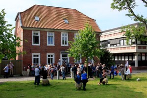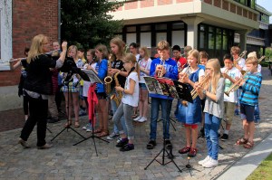 Hier spielt die Bläserklasse des Gymnasiums Ulricianum Aurich unter der Leitung von Frau Könemann-Glashoff zu Ehren der Familie Wolffs auf. Wolff Heimann Wolffs war der letzte jüdische Abiturient des Ulricianums, alle Patenschaften für die Familie wurden von dieser Schule übernommen.
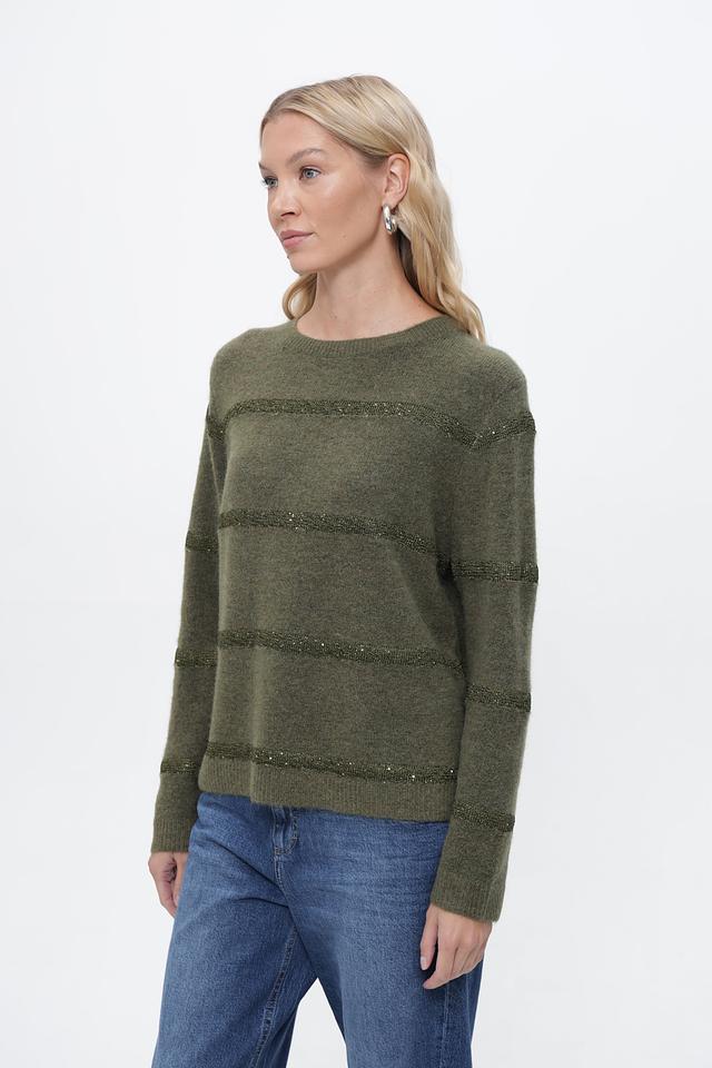 Оливковый цвет пуловера придает ему универсальность, позволяя легко сочетать его с различными элементами гардероба. Декоративные полосы из пайеток добавляют изделию изысканности и привлекают внимание.
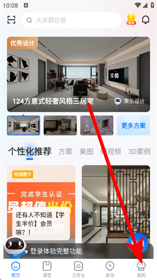 1、在酷家乐设计师,点击底部我的,进入个人中心页面。
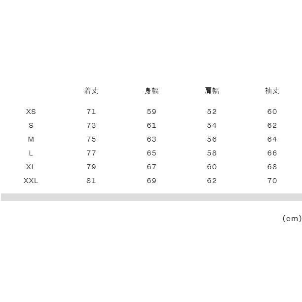 サイズ寸法・実寸(cm)XS:着丈71、身幅59、肩幅52、袖丈60
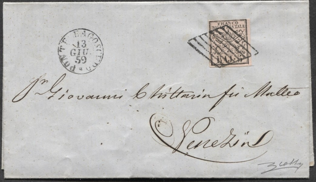Fresca lettera da Pontelagoscuro 13.6.59 per Venezia affrancata con 5 baj bene marginato - secondo giorno d'uso del Pontificio in Governo Provvisorio delle Romagne - cert. Colla - (6)
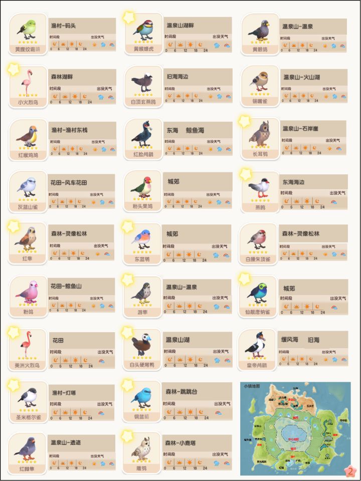 鸟基本全是全天段出现,部分鸟对应天气才会出现,左上角有小星星的,就是有天气限制的鸟,大家稍微注意下哦;
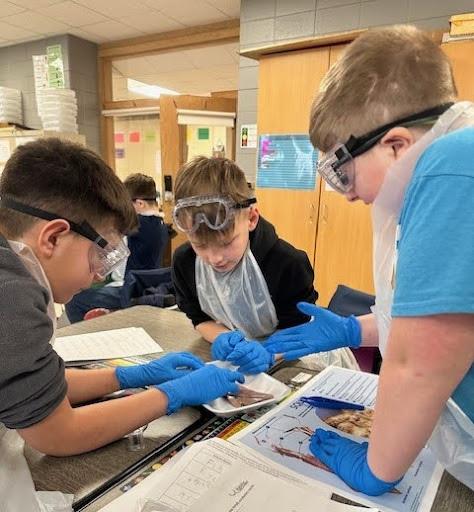 After a 7 year hiatus, frog dissection returned to the Jr High science curriculum with many eyes sparkling with anticipation Our 7th and 8th grade students worked in pairs as they explored the different organ systems of jumbo BullFrogs. A big thank you to former Randall and now retired Wilmot teacher, Steve Sproul, for leading the amphibian autopsy
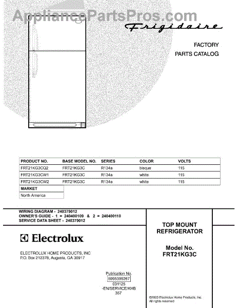 Parts for Frigidaire FRT21KG3CW1: 01 - Cover Parts
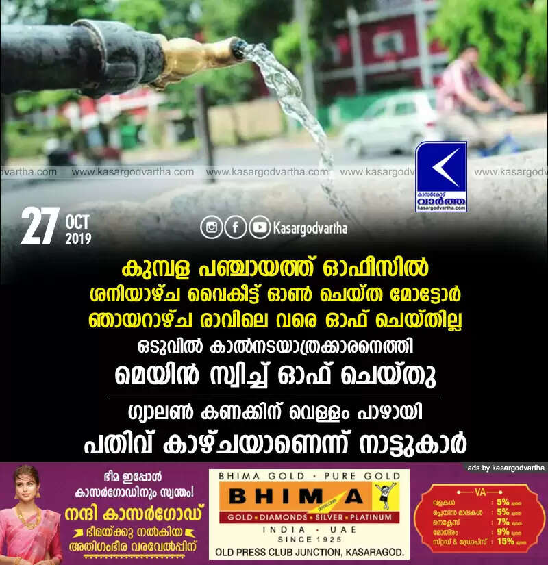 കുമ്പള പഞ്ചായത്ത് ഓഫീസില് ശനിയാഴ്ച വൈകീട്ട് ഓണ് ചെയ്ത മോട്ടോര് ഞായറാഴ്ച രാവിലെ വരെ ഓഫ് ചെയ്തില്ല, ഒടുവില് കാല്നടയാത്രക്കാരനെത്തി മെയിന് സ്വിച്ച് ഓഫ് ചെയ്തു; ഗ്യാലണ് കണക്കിന് വെള്ളം പാഴായി, പതിവ് കാഴ്ചയാണെന്ന് നാട്ടുകാര്
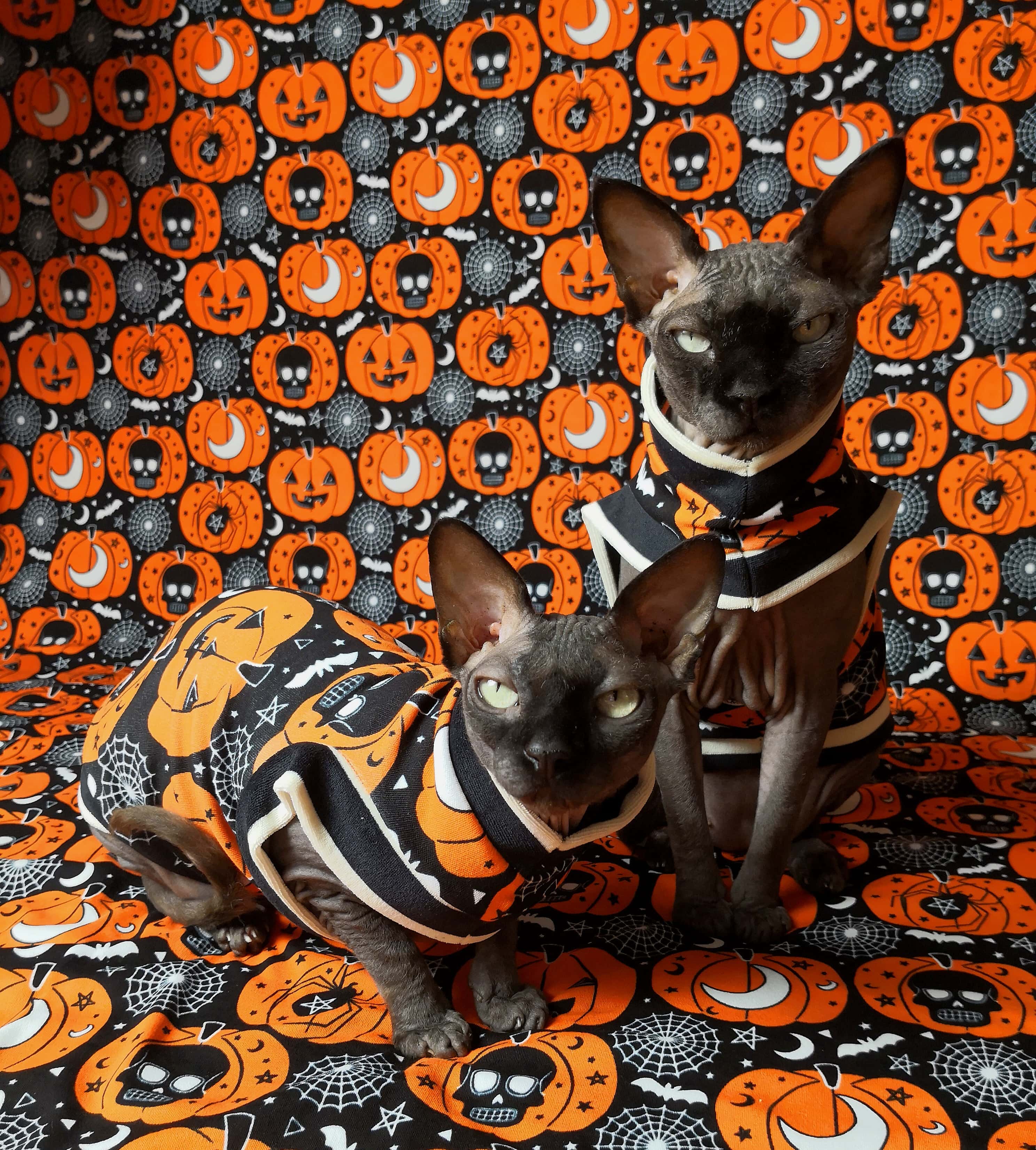 This is an Open Edition cat shirt / sweater for your hairless Sphynx / Devon Rex / Cornish Rex / Peterbald, and even for some of our stylish furry friends. This is a lightweight stretchy cotton spandex blend fabric with printed glow-in-the-dark Halloween pattern adorned with black and white striped velvet trim. This is our first Open Edition Line and we will try our best to accommodate all orders right up until Halloween. These will ship after 8/28!

────────────────

**Instructions to follow**
Repeat exactly the stretch of the listing above that starts with the line holding "鸟基本全是全天段出现,部分鸟" and finishes with the line holding "കുമ്പള പഞ്ചായത്ത് ഓഫീസില്", both included. Skip every picture.

**Solution**
 鸟基本全是全天段出现,部分鸟对应天气才会出现,左上角有小星星的,就是有天气限制的鸟,大家稍微注意下哦;
 After a 7 year hiatus, frog dissection returned to the Jr High science curriculum with many eyes sparkling with anticipation Our 7th and 8th grade students worked in pairs as they explored the different organ systems of jumbo BullFrogs. A big thank you to former Randall and now retired Wilmot teacher, Steve Sproul, for leading the amphibian autopsy
 Parts for Frigidaire FRT21KG3CW1: 01 - Cover Parts
 കുമ്പള പഞ്ചായത്ത് ഓഫീസില് ശനിയാഴ്ച വൈകീട്ട് ഓണ് ചെയ്ത മോട്ടോര് ഞായറാഴ്ച രാവിലെ വരെ ഓഫ് ചെയ്തില്ല, ഒടുവില് കാല്നടയാത്രക്കാരനെത്തി മെയിന് സ്വിച്ച് ഓഫ് ചെയ്തു; ഗ്യാലണ് കണക്കിന് വെള്ളം പാഴായി, പതിവ് കാഴ്ചയാണെന്ന് നാട്ടുകാര്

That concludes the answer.